2009年10月22日
間宮林蔵と蝦夷錦
古代の日本人は、西から東へ、北へと目指して移動してきました。結果的に北海道を除く日本全土が17世紀に江戸幕府により統一されました。徳川幕府は、交易の地として長崎を指定して、鎖国を行ったと私たちの日本史の教科書は教えます。
しかし、北から謎の「蝦夷錦」という謎の古着の交易品がありました。どうみても、日本のものとは思われない奇妙な古着です。実は、西日本は長崎に限り交易が認められていましたが、北海道は周囲の部族に開放された自由交易の土地だったのです。
この自由交易の土地を踏破しようと試みたのが、松田伝十郎と間宮林蔵です。二度目の挑戦で間宮林蔵は、北樺太で冬を過ごし、地元ギリヤーク人と思われる部族と狭い海峡を渡って黒竜江を遡り、土地のツングース系の諸族が、清国に毛皮類を上貢し、交換に中国風の古着を受け取っている実態を目撃します。
彼等が渡った狭い海峡(間宮海峡)は非常に浅い海峡で、その北には静かな海(オホーツク海)が広がっていました。
明治維新以降、私達ー日本人、は北へ南へと勢力を広げます。敗戦後、北海道に住み着いた日本人は、高度経済成長、冷戦時代を経て、日本人のアイデンティティを持ちながら、日本人の本拠地である本州、南へと心が動きました。オホーツク海、樺太は遠い「ソ連」の領土になりました。多くの若者が北海道を離れ、本州各地へと移動しました。今でも東京の地方出身者は、北海道、長野、沖縄が多いと言われます。
もう一度、間宮林蔵が海峡ごしに北に見えたオホーツク海を見てみましょう。実際に見るのが難しければ Google Earth で見ると良くわかります。手元に地球儀があれば、上から眺めても結構です。
オホーツク海は浅い海です。浅い海にアムール川の淡水が混じり、冬には氷結します。千島列島を伝えば簡単にカムチャツカ半島にたどり着けます。カムチャツカ半島からはアリューシャン列島を通って、簡単に北米に行くことができます。間宮海峡は、大戦時にソ連陸軍がトンネルを作ろうと試みたほどの浅い海峡です。ベーリング海峡もまた、橋をかけようという酔狂なアイディアがあるくらい、狭くて浅い海峡です。

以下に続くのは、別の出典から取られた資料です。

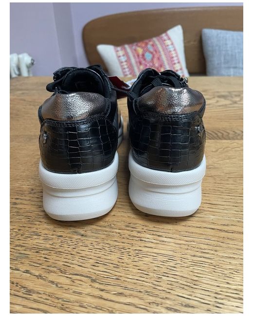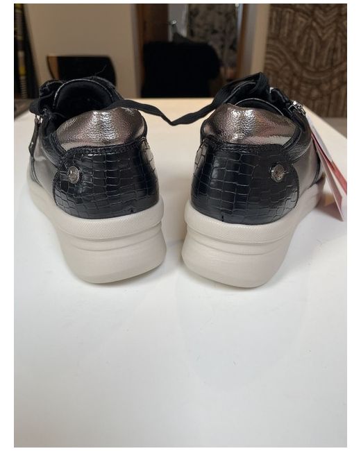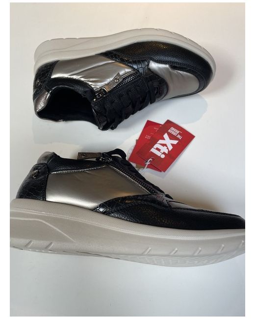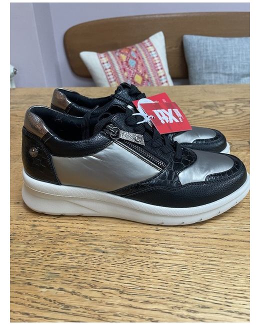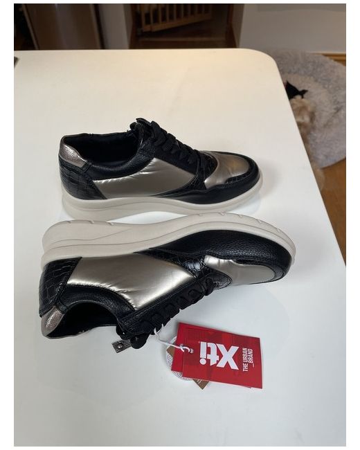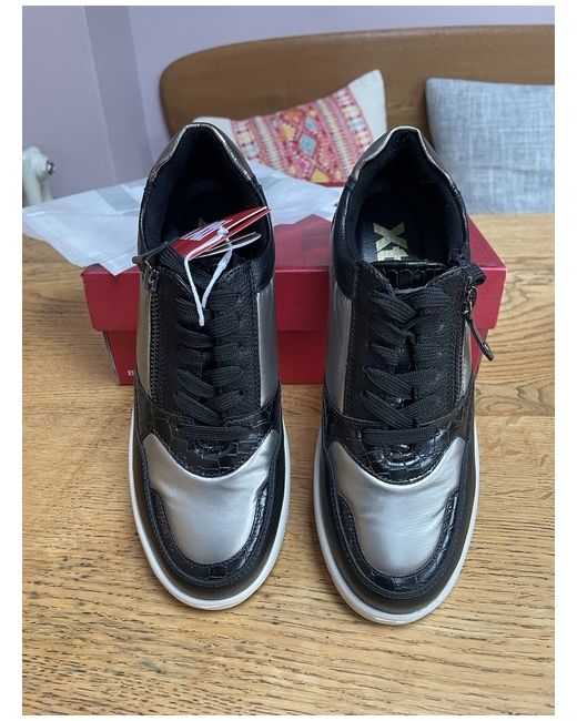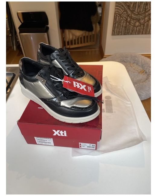 XTI brand new with tags women’s trainers, black and bronze, with laces and side zip, cream sole, size 6. With box
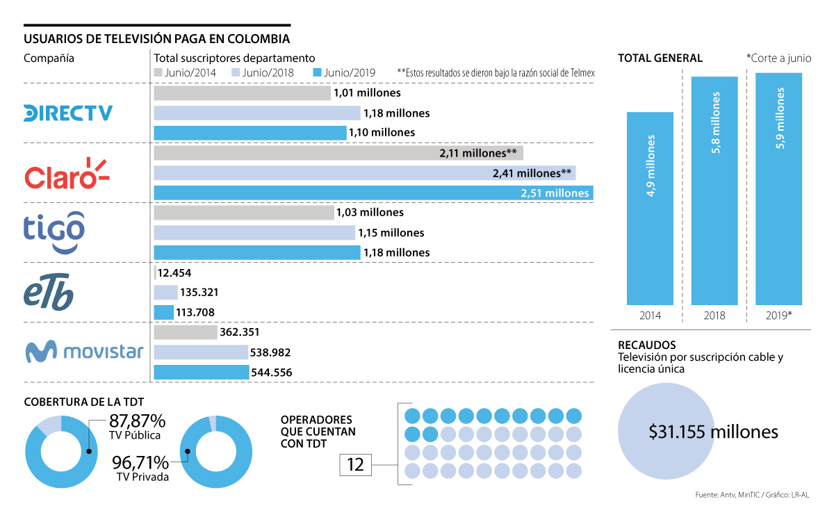 Mientras que en 2014 había 4,9 millones de usuarios en los distintos operadores de televisión, a junio de 2019 esta cifra ascendió a 5,9 millones según la Antv
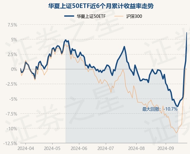 证券之星消息,9月26日,华夏上证50ETF最新单位净值为2.597元,累计净值为3.8581元,较前一交易日上涨4.68%。历史数据显示该基金近1个月上涨6.31%,近3个月上涨6.34%,近6个月上涨6.07%,近1年上涨1.82%。该基金近6个月的累计收益率走势如下图:
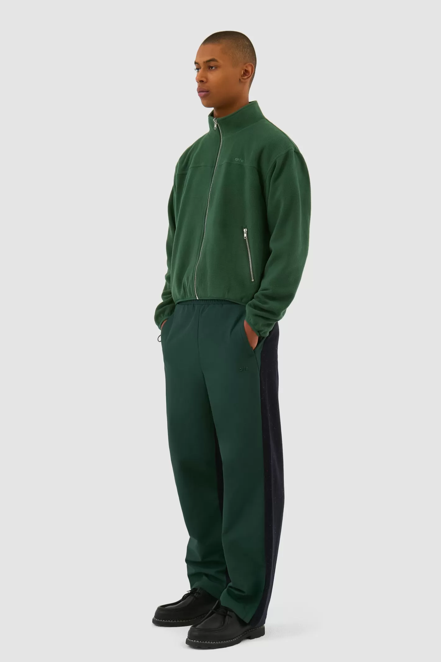 The Wool Technical Jacket’s design consists of contrasting nylon and wool panels. It comes in a navy and green colorway and features two front pockets as well as a fulllength waterrepellant zipper. It is finished with a tonal metal logo on the pocket. Its adjustable drawstring hem ensures the desired fit.
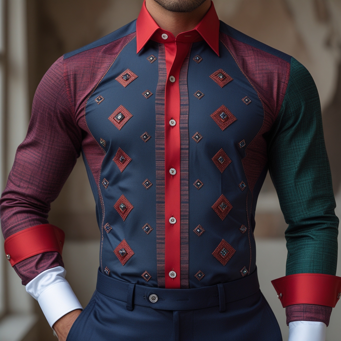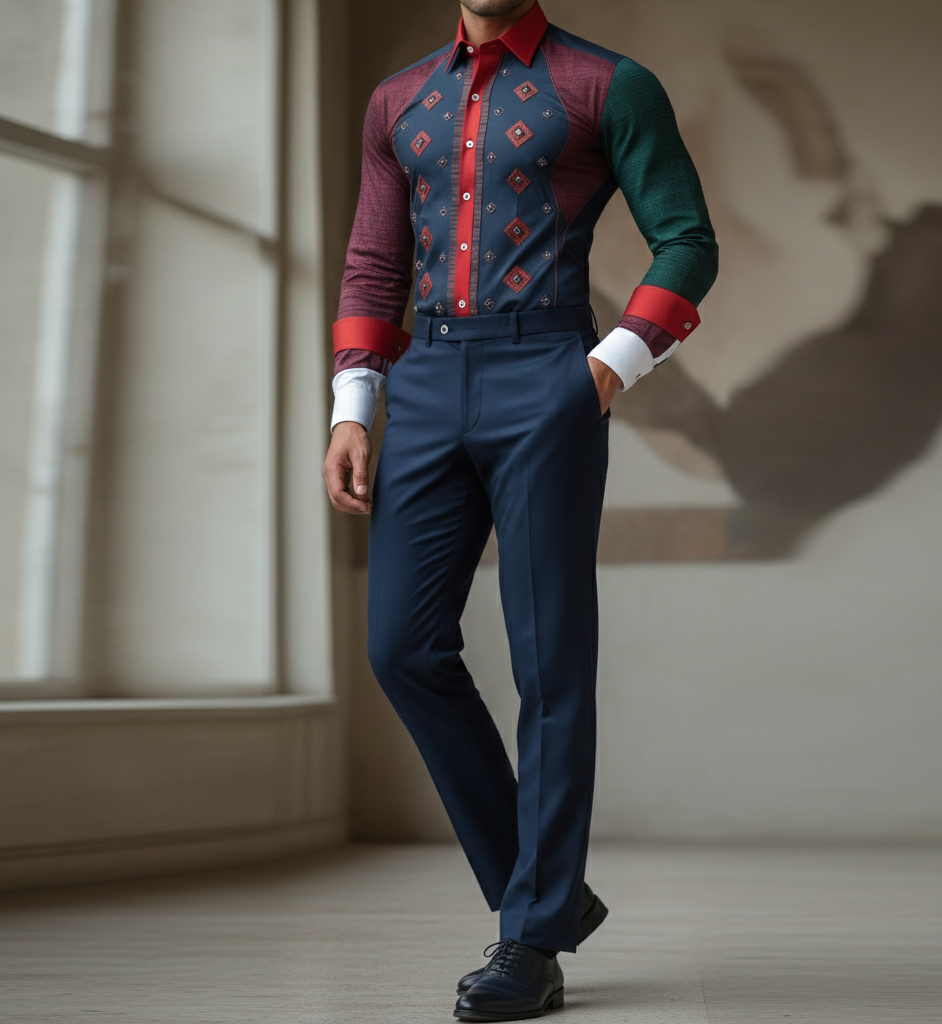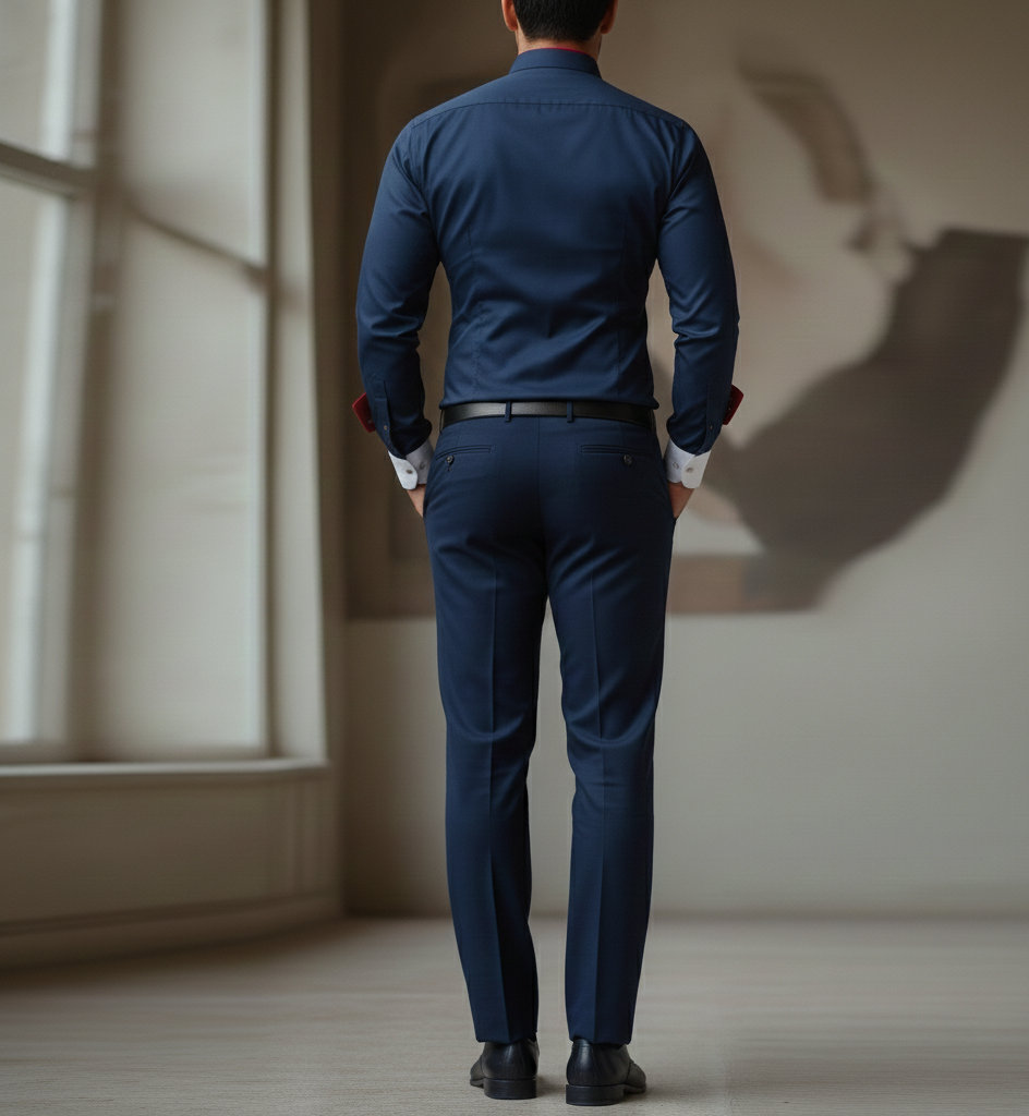 Indossa la camicia professionale blu navy e bordeaux, curata nei minimi dettagli, con il caratteristico colletto e polsini bianchi. Indossa pantaloni blu navy aderenti coordinati e scarpe eleganti in pelle scura. Lo sfondo è un grigio neutro, pulito e uniforme, senza distrazioni. Trama del tessuto della camicia e dettagli dei bottoni risaltano la moda di alto livello.

これら北の浅い海の南端に北海道という島が位置します。
北海道は、ユーラシア大陸、北米に一番近い島です。深い太平洋の海溝を超えなくても、容易に浅海に島伝いに通信ケーブルが敷設できる基点です。
縄文時代以降、日本人は北を目指してきました。北の各民族は南に向かって自由に交易し、情報を交換しました。水と風と人々の知が交わる場所、洲知風都。Surachipt は情報の集散地です。